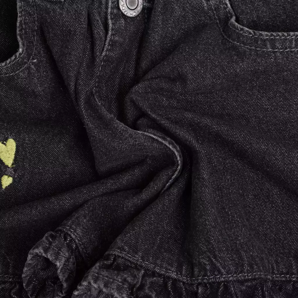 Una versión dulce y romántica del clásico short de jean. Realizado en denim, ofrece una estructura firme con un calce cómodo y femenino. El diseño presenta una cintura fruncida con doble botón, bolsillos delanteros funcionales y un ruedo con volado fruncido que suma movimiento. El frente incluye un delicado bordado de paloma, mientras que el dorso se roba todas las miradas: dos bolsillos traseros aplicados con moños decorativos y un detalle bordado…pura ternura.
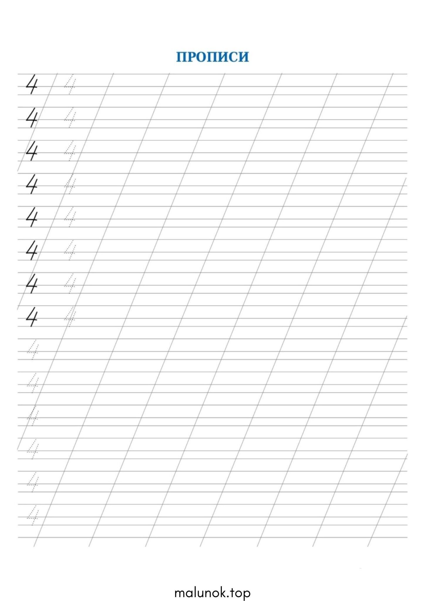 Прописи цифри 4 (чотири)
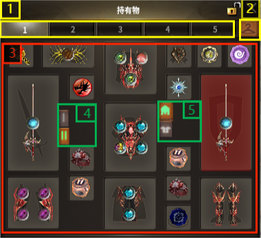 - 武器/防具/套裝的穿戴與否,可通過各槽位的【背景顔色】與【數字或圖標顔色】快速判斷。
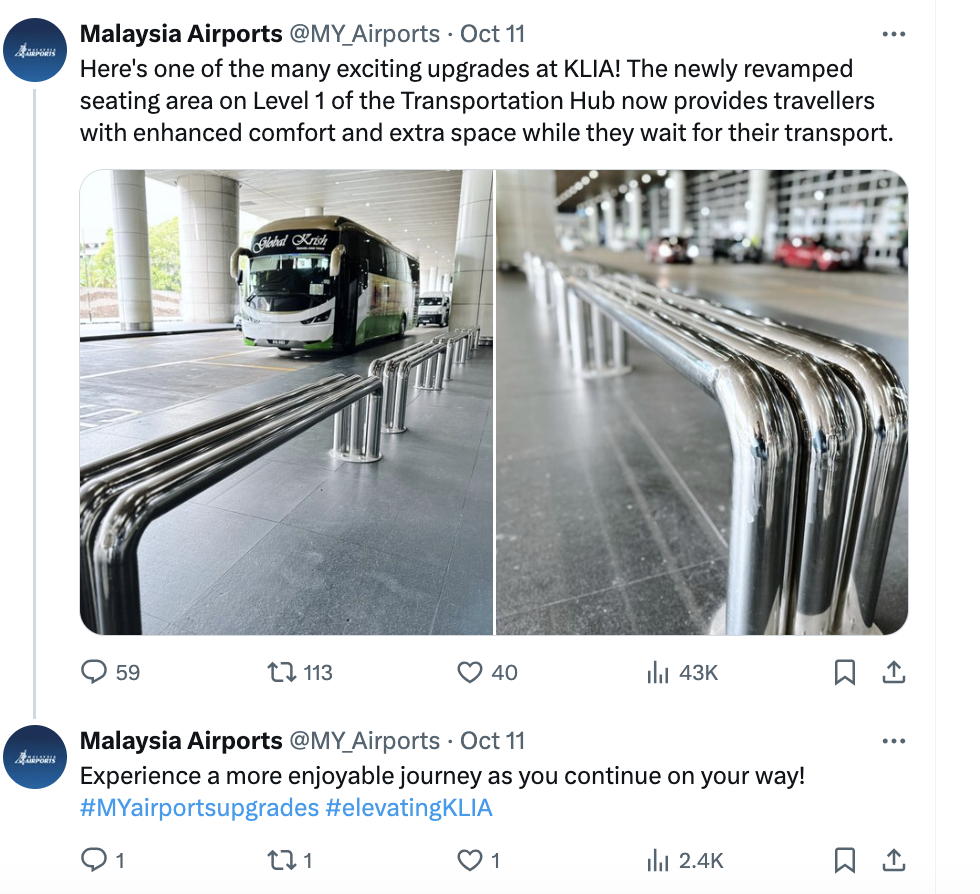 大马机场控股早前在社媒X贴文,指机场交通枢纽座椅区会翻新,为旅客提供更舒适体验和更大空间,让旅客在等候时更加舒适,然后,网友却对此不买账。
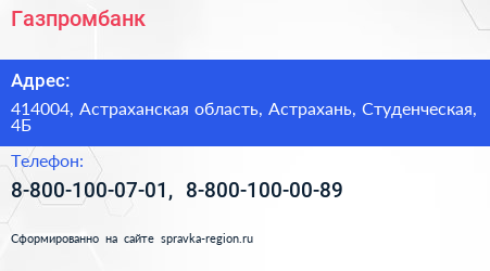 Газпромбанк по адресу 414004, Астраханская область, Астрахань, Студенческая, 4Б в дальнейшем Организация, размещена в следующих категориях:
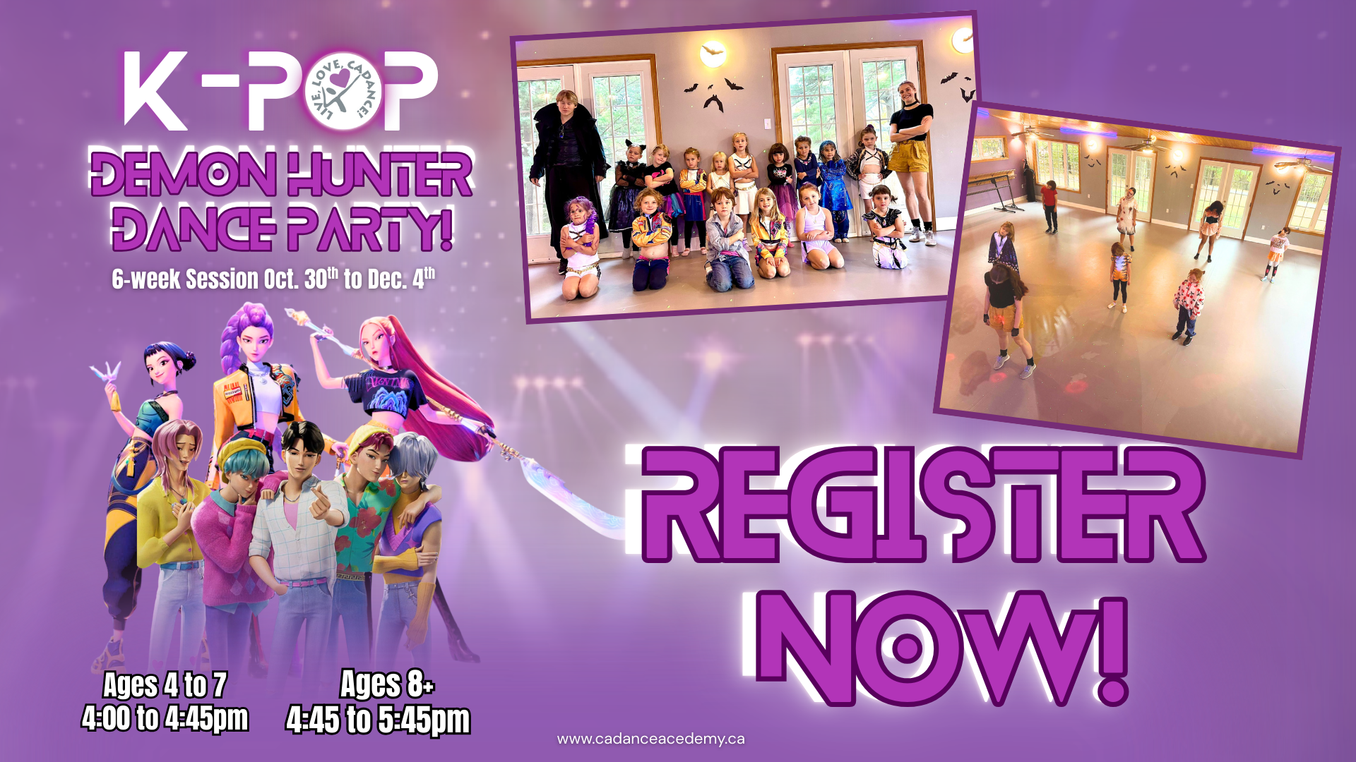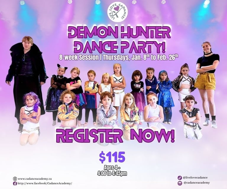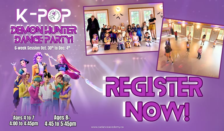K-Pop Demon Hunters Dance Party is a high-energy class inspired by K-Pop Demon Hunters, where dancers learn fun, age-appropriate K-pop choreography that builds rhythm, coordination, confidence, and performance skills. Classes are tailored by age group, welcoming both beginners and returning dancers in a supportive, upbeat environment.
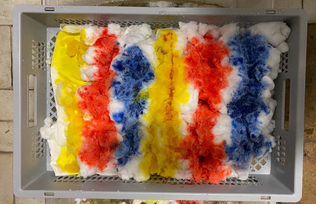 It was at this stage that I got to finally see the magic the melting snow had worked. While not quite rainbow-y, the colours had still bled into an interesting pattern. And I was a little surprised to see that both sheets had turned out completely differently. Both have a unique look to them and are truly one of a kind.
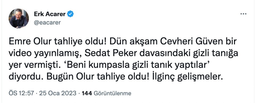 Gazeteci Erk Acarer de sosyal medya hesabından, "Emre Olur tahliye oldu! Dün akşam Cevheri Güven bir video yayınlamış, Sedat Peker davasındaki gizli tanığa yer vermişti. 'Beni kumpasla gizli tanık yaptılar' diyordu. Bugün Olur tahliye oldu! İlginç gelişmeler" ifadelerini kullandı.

--

Task objective: Set down exactly and only the lines from the line that contains "- 武器/防具/套裝的穿戴與" through the last line of the entries above, with both of those lines included and the pictures left out.

Exercise solution:
 - 武器/防具/套裝的穿戴與否,可通過各槽位的【背景顔色】與【數字或圖標顔色】快速判斷。
 大马机场控股早前在社媒X贴文,指机场交通枢纽座椅区会翻新,为旅客提供更舒适体验和更大空间,让旅客在等候时更加舒适,然后,网友却对此不买账。
 Газпромбанк по адресу 414004, Астраханская область, Астрахань, Студенческая, 4Б в дальнейшем Организация, размещена в следующих категориях:
K-Pop Demon Hunters Dance Party is a high-energy class inspired by K-Pop Demon Hunters, where dancers learn fun, age-appropriate K-pop choreography that builds rhythm, coordination, confidence, and performance skills. Classes are tailored by age group, welcoming both beginners and returning dancers in a supportive, upbeat environment.
 It was at this stage that I got to finally see the magic the melting snow had worked. While not quite rainbow-y, the colours had still bled into an interesting pattern. And I was a little surprised to see that both sheets had turned out completely differently. Both have a unique look to them and are truly one of a kind.
 Gazeteci Erk Acarer de sosyal medya hesabından, "Emre Olur tahliye oldu! Dün akşam Cevheri Güven bir video yayınlamış, Sedat Peker davasındaki gizli tanığa yer vermişti. 'Beni kumpasla gizli tanık yaptılar' diyordu. Bugün Olur tahliye oldu! İlginç gelişmeler" ifadelerini kullandı.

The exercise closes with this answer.